---------- Data under study

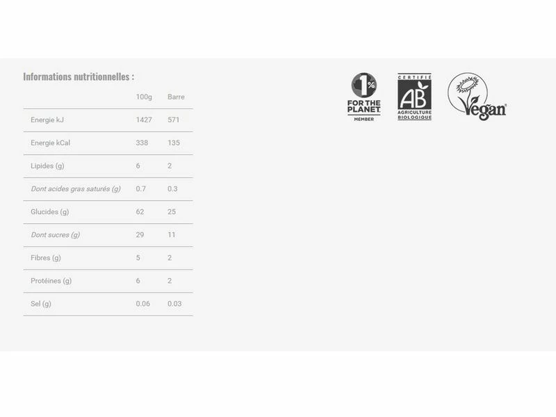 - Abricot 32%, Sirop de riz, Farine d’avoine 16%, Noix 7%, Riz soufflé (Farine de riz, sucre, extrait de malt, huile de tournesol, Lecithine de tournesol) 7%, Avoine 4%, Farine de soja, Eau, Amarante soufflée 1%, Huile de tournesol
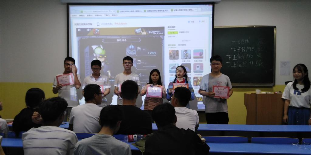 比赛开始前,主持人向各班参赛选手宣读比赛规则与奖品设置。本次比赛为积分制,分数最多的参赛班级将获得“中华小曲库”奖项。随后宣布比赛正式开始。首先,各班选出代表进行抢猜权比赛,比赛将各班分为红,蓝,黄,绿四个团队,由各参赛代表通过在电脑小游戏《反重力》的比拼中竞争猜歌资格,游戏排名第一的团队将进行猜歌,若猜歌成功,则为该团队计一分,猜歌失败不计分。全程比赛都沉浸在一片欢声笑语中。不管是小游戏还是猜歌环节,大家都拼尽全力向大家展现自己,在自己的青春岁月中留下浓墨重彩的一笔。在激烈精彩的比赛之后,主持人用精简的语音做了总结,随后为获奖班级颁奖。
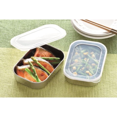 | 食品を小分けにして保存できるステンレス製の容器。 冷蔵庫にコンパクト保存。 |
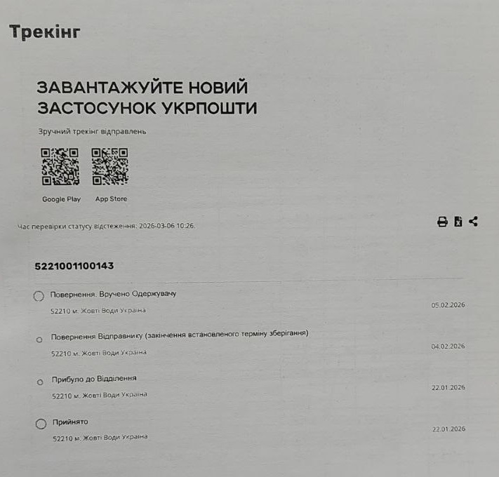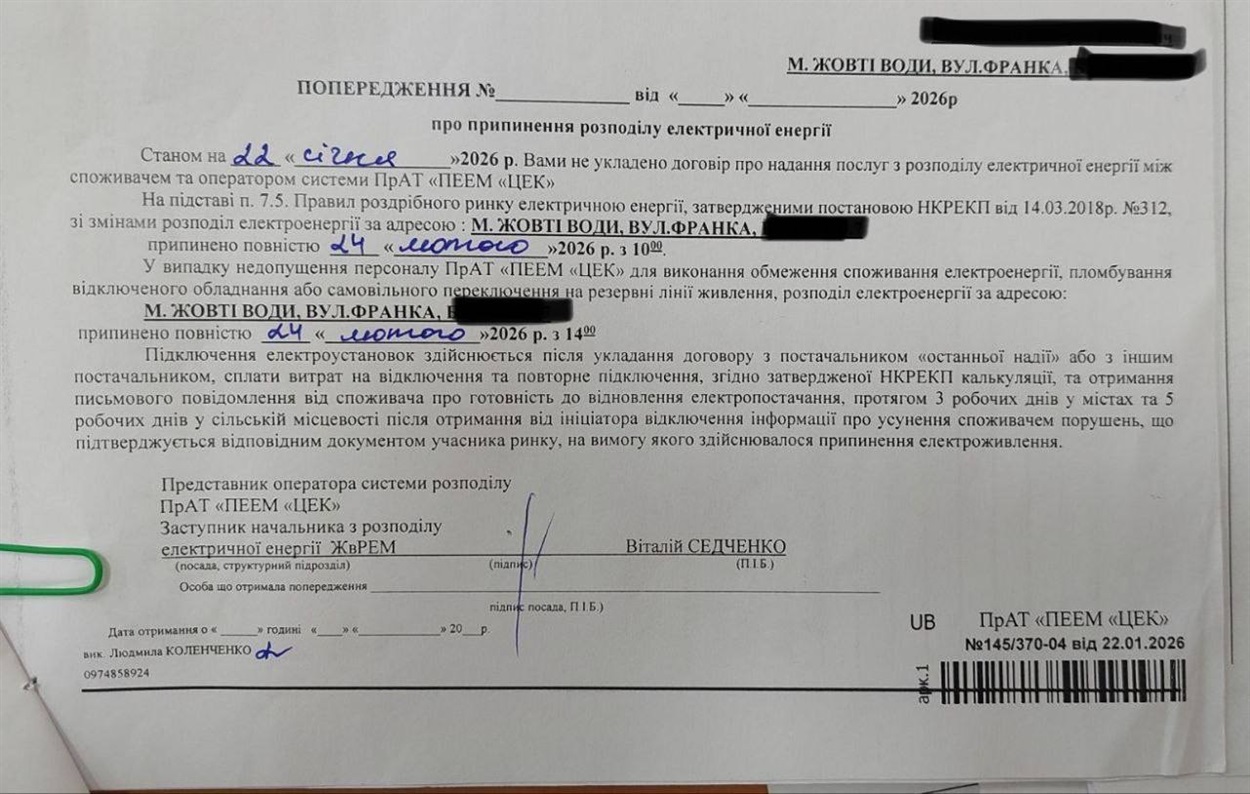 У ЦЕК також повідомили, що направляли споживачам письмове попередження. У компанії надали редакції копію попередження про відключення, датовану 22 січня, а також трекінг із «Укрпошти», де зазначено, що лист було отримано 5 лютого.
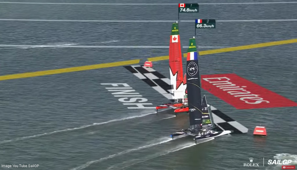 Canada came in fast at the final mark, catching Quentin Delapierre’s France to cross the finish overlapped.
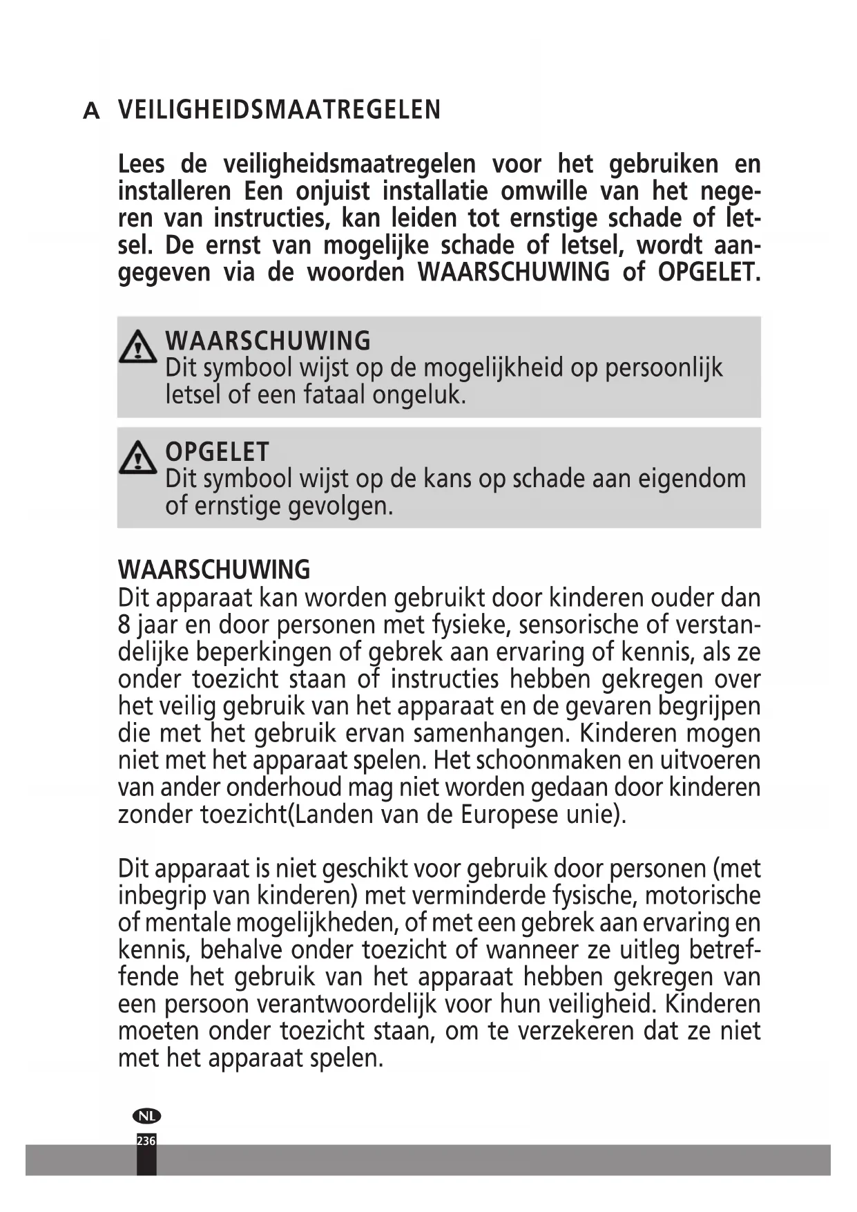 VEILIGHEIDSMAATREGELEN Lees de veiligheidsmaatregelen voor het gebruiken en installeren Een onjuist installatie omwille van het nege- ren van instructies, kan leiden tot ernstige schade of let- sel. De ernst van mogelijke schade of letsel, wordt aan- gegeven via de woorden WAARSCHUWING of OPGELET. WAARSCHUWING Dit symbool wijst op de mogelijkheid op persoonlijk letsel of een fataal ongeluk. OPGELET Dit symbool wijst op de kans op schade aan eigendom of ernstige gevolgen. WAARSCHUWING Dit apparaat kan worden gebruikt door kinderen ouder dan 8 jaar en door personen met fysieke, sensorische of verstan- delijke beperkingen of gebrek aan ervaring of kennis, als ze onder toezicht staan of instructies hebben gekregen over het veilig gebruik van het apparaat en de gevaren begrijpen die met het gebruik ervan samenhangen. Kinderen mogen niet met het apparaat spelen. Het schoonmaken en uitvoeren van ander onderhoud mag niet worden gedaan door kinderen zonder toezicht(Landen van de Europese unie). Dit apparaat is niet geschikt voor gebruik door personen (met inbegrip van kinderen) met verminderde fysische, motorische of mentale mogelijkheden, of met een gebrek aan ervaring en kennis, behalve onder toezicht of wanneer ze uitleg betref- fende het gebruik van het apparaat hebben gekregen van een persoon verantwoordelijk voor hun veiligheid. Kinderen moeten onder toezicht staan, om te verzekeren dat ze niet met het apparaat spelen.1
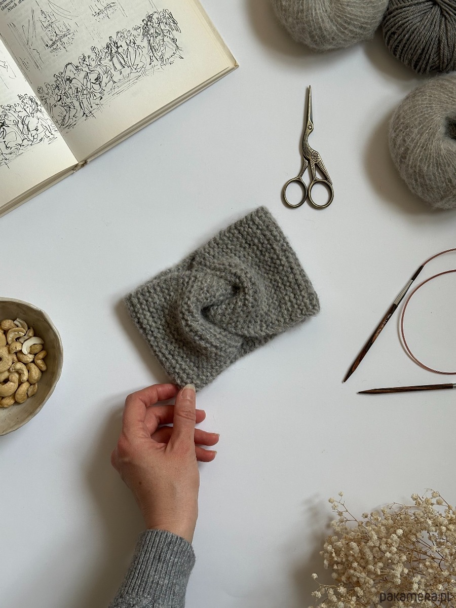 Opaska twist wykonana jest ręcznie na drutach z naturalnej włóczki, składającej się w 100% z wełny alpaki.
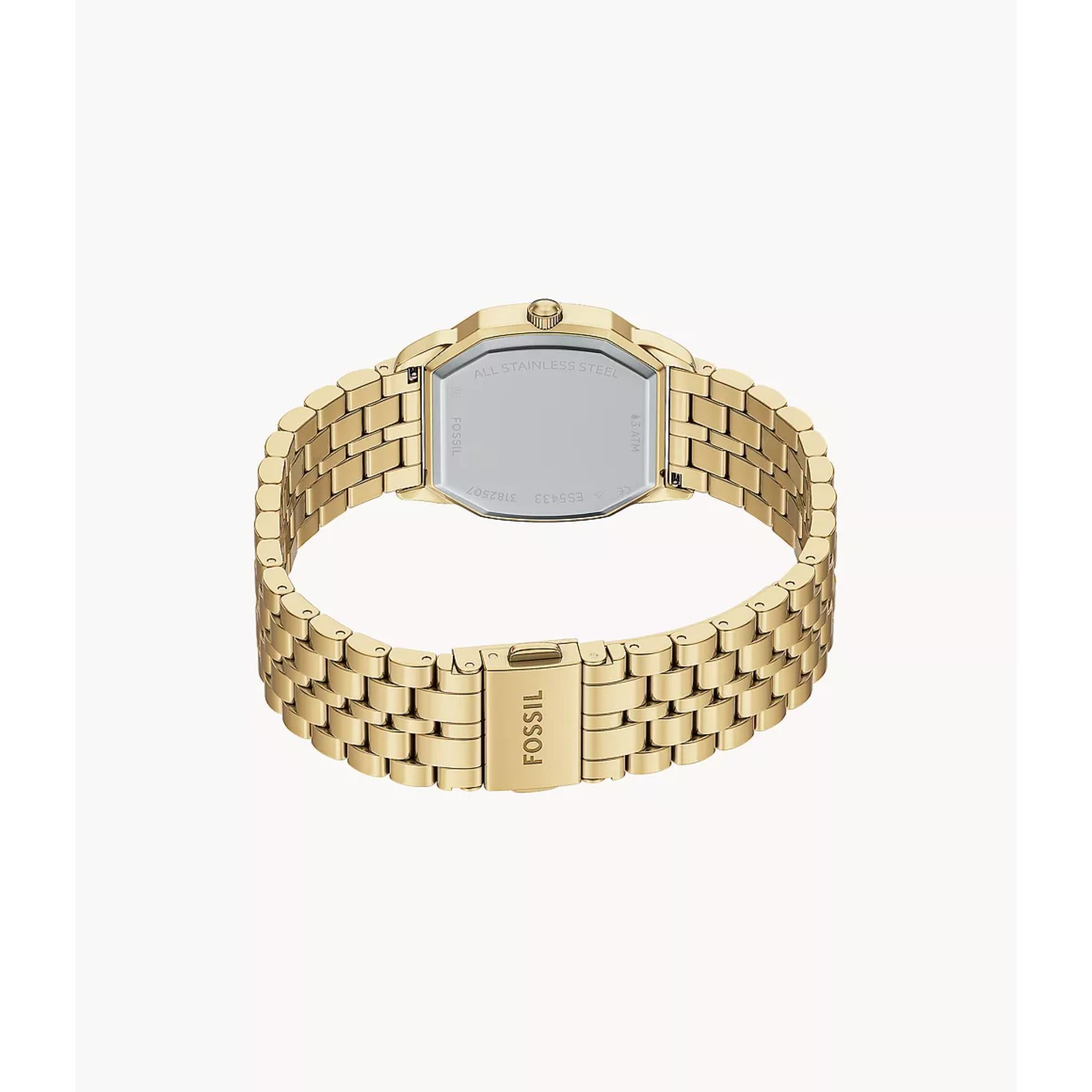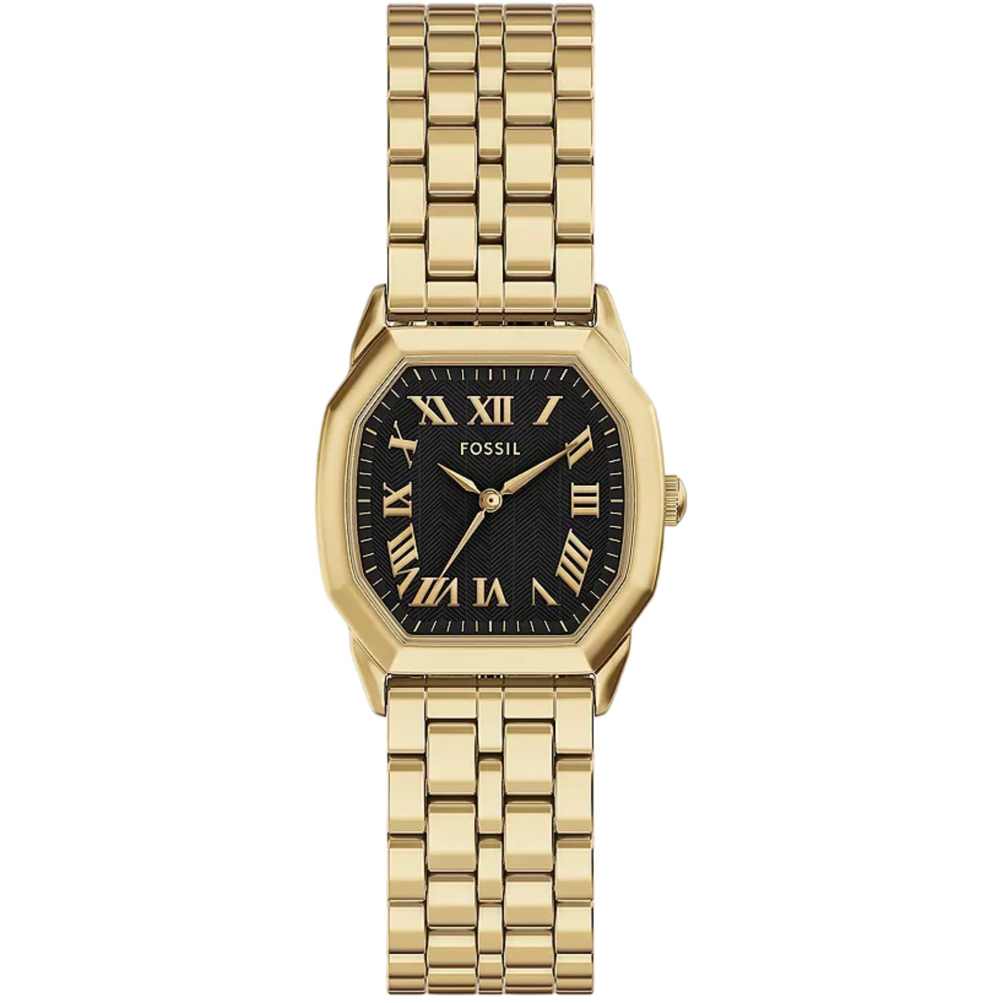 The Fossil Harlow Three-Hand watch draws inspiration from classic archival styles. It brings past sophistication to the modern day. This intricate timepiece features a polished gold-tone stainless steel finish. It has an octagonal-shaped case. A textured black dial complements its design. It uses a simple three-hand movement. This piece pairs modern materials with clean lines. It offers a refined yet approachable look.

--------------------

Assignment -
In the records above, everything from the line with "У ЦЕК також" down to the line with "Canada came in" must be duplicated exactly, both lines kept. Leave no pictures in.

Solution -
 У ЦЕК також повідомили, що направляли споживачам письмове попередження. У компанії надали редакції копію попередження про відключення, датовану 22 січня, а також трекінг із «Укрпошти», де зазначено, що лист було отримано 5 лютого.
 Canada came in fast at the final mark, catching Quentin Delapierre’s France to cross the finish overlapped.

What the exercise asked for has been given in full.